[openstack-dev] [tc] [all] TC Report 18-26
Fox, Kevin M
Kevin.Fox at pnnl.gov
Wed Jul 4 00:18:19 UTC 2018
Replying inline in outlook. Sorry. :( Prefixing with KF>
From: Jay Pipes [mailto:jaypipes at gmail.com]
Sent: Tuesday, July 03, 2018 1:04 PM
To: openstack-dev at lists.openstack.org
Subject: Re: [openstack-dev] [tc] [all] TC Report 18-26
I'll answer inline, so that it's easier to understand what part of your
message I'm responding to.
On 07/03/2018 02:37 PM, Fox, Kevin M wrote:
> Yes/no on the vendor distro thing. They do provide a lot of options, but they also provide a fully k8s tested/provided route too. kubeadm. I can take linux distro of choice, curl down kubeadm and get a working kubernetes in literally a couple minutes.
How is this different from devstack?
With both approaches:
* Download and run a single script
* Any sort of networking outside of super basic setup requires manual
* Not recommended for "production"
* Require workarounds when running as not-root
Is it that you prefer the single Go binary approach of kubeadm which
hides much of the details that devstack was designed to output (to help
teach people what's going on under the hood)?
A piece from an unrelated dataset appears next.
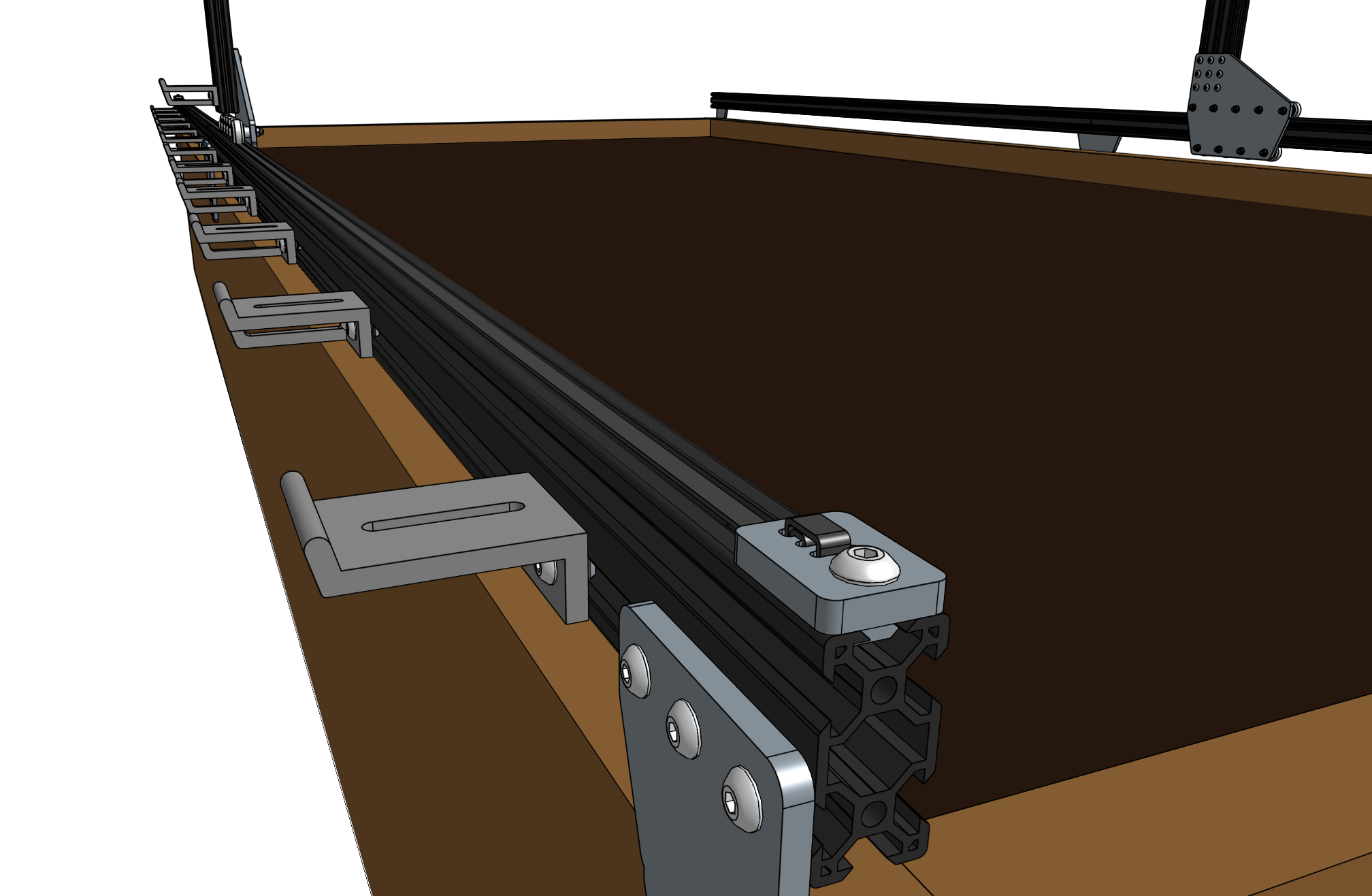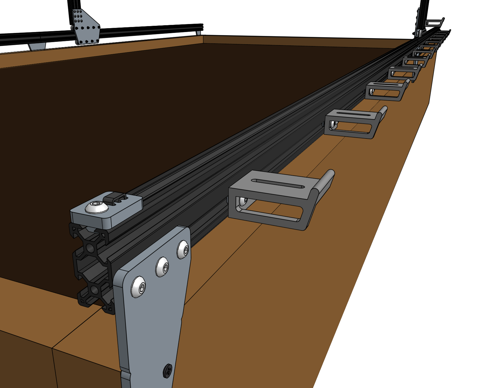 Secure the end of the belt to the front end of the tracks by using a belt clip, M5 x 10mm screw, and M5 tee nut.

KF> so... go to https://docs.openstack.org/devstack/latest/ and one of the first things you see is a bright red Warning box. Don't run it on your laptop. It also targets git master rather then production releases so it is more targeted at developing on openstack itself rather then developers developing their software to run in openstack. My common use case was developing stuff to run in, not developing openstack itself. minikube makes this case first class. Also, it requires a linux box to deploy it. Minikube works on macos and windows as well. Yeah, not really an easy thing to do, but it does it pretty well. I did a presentation on Kubernetes once, put up a slide on minikube, and 5 slides later, one of the physicists in the room said, btw, I have it working on my mac (personal laptop). Not trying to slam devstack. It really is a good piece of software. but it still has a ways to go to get to that point. And lastly, minikube's default bootstrapper these days is kubeadm. So the kubernetes you get to develop against is REALLY close to one you could deploy yourself at scale in vms or on bare metal. The tools/containers it uses are byte identical. They will behave the same. Devstack is very different then most production deployments.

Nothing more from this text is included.